Sausage and Spinach Breakfast Casserole (low carb/Keto)

Sausage and Spinach Breakfast Casserole (low carb/Keto)

Posted by Jessica Parker on Aug 7th 2019

This is the perfect recipe for those wanting a make-ahead breakfast that you can have in the fridge for several days. It is absolutely a keto friendly recipe with no gluten, lots of healthy fat and protein and even some greens! I personally love this kind of dish for any meal!

When you eat a high fat and moderate protein diet, your body stays satiated far longer than normal and your hunger hormones (leptin and ghrelin) come into balance. What does that mean? You will find yourself feeling less "munchy" and less controlled by cravings. You will also find that when you eat like this you will become more in touch with when to stop rather than having times of still feeling like you're "missing something" simply because your hunger hormones have been out of whack. When your body is out of balance internally like that, the signals get crossed and people end up feeling like they have no will power. Nourishing your body the way it was designed to be nourished will make the biggest difference.

Enjoy!!

INGREDIENTS:

1 pound ground breakfast sausage
8 oz cream cheese (full fat)
8 oz shredded cheddar cheese
8 oz heavy cream
5 oz baby spinach
6 eggs

DIRECTIONS:

Preheat the oven to 375 F.

Cook the breakfast sausage in a medium skillet over medium heat. Once it's cooked through, drain the excess fat. Place the skillet back on the stovetop and mix in the cream cheese until it is fully melted and incorporated. It helps melt faster if you cut the cream cheese into cubes before adding it to the sausage.

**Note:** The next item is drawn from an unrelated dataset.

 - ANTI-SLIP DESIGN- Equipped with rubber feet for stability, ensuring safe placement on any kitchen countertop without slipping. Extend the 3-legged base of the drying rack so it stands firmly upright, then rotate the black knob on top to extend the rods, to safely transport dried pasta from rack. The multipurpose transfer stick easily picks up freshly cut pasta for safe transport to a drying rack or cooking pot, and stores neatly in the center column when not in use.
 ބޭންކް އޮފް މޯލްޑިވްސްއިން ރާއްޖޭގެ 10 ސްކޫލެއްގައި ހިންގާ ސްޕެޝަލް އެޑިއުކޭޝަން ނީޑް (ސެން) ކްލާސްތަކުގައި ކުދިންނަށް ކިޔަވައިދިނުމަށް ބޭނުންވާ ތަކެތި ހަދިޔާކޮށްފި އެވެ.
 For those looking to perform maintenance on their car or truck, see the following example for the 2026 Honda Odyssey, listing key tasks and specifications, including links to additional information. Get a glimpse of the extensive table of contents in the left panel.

In a medium bowl, beat the eggs and heavy cream together.

Place the spinach in a pot on the stove with just a couple tablespoons of water and heat it just until it is wilted.

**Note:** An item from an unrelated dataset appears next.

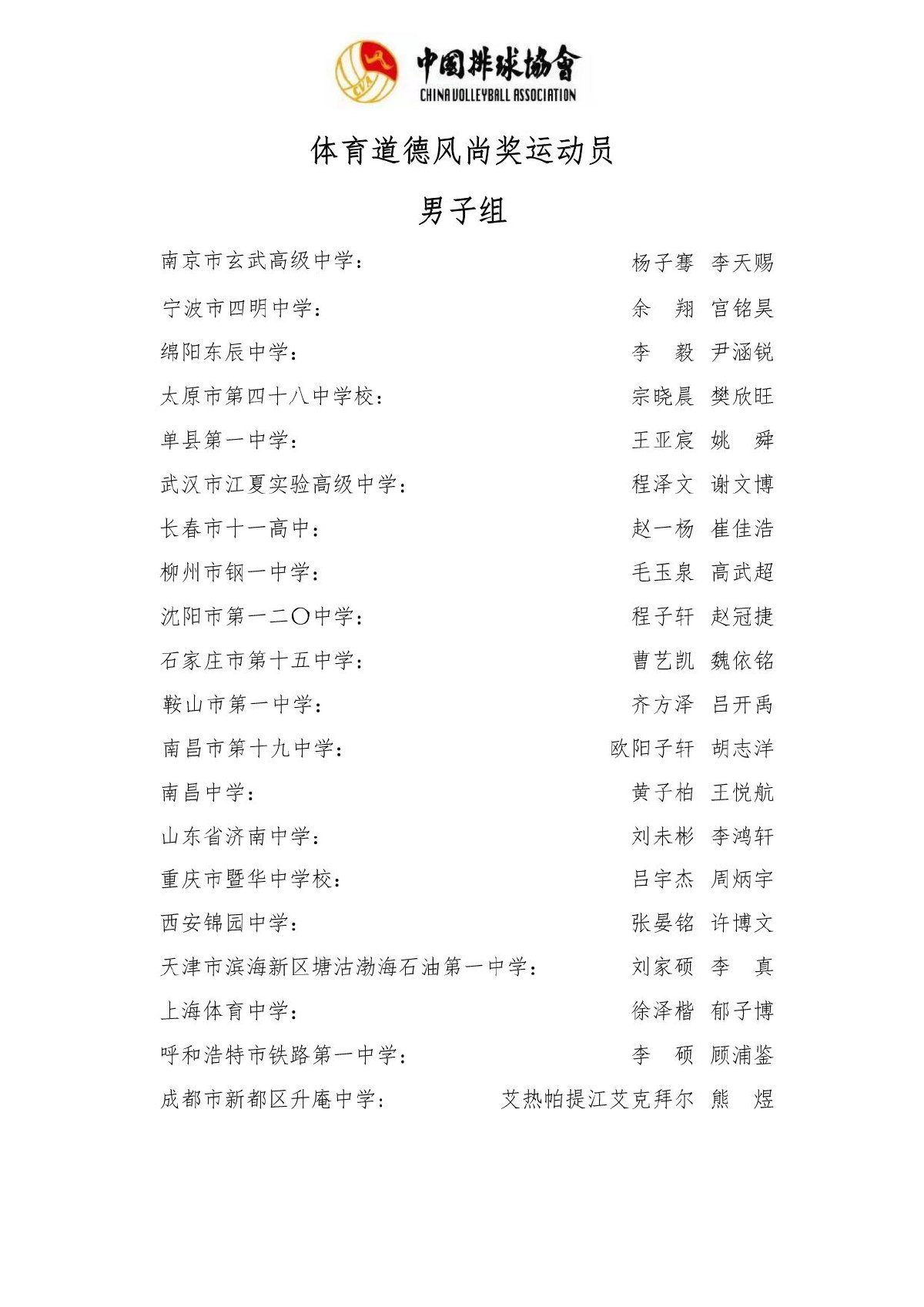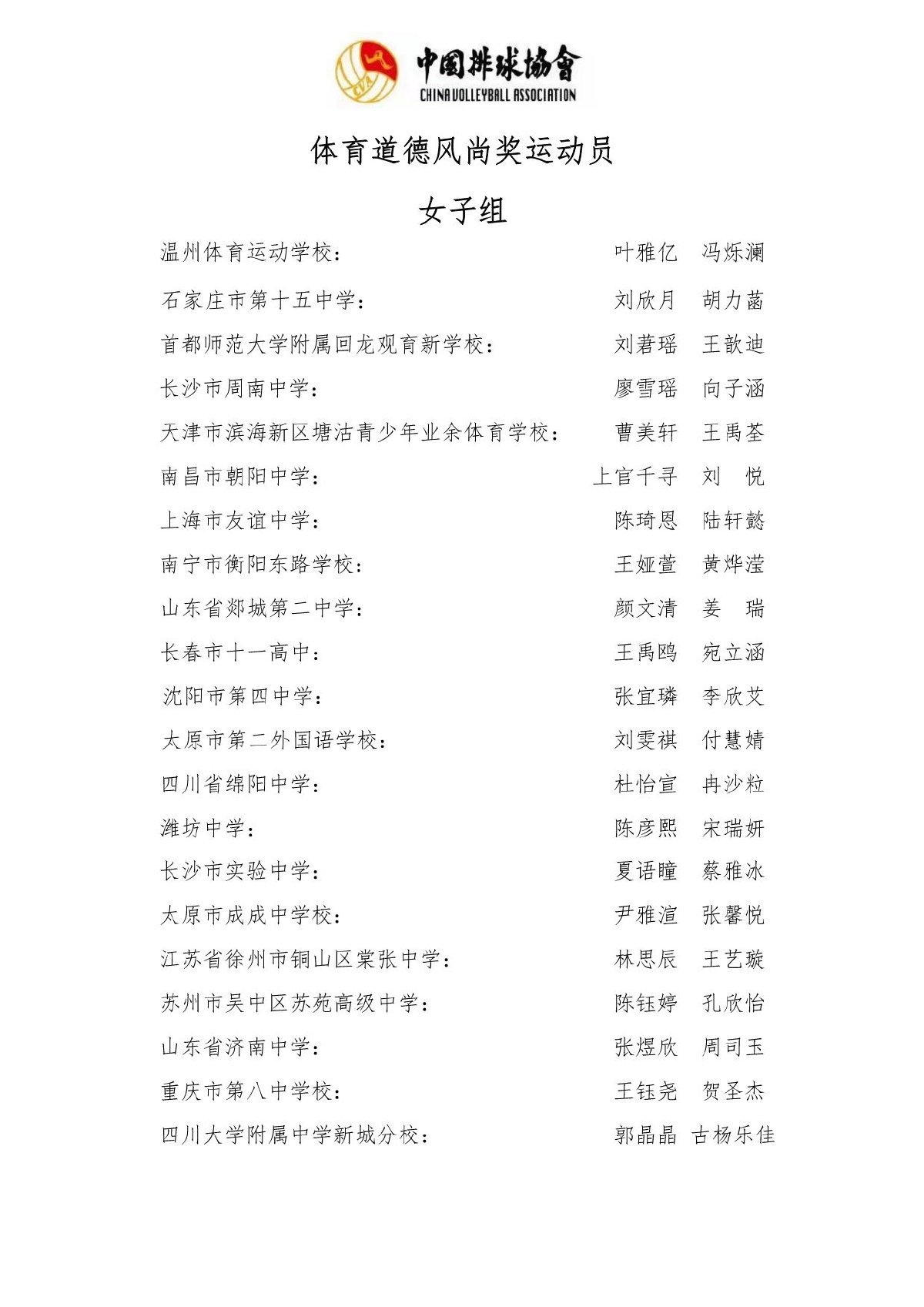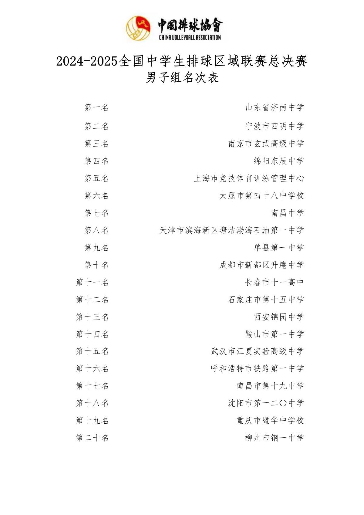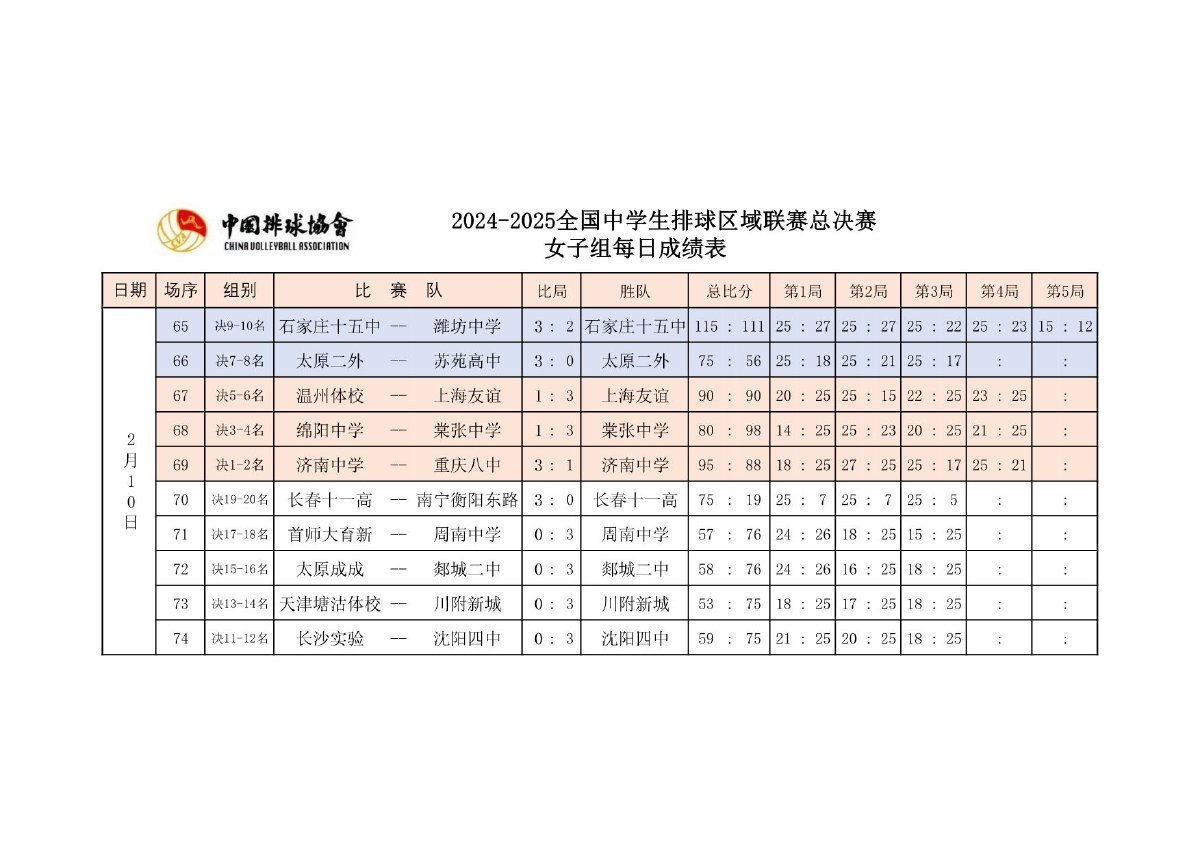 2024-2025全国中学生排球区域联赛总决赛成绩及奖项

Spread the sausage and cream cheese mixture on the bottom of a 13x9" casserole dish.

Sprinkle the wilted spinach evenly all over the top of the sausage mixture making sure spinach is drained well.

Next, sprinkle the shredded cheddar cheese on top of the spinach.

Finish by pouring the egg and heavy cream mixture evenly over top the layers. Pour slowly so the layers stay put.

Bake the casserole 35-40 minutes or until it starts to turn a golden brown.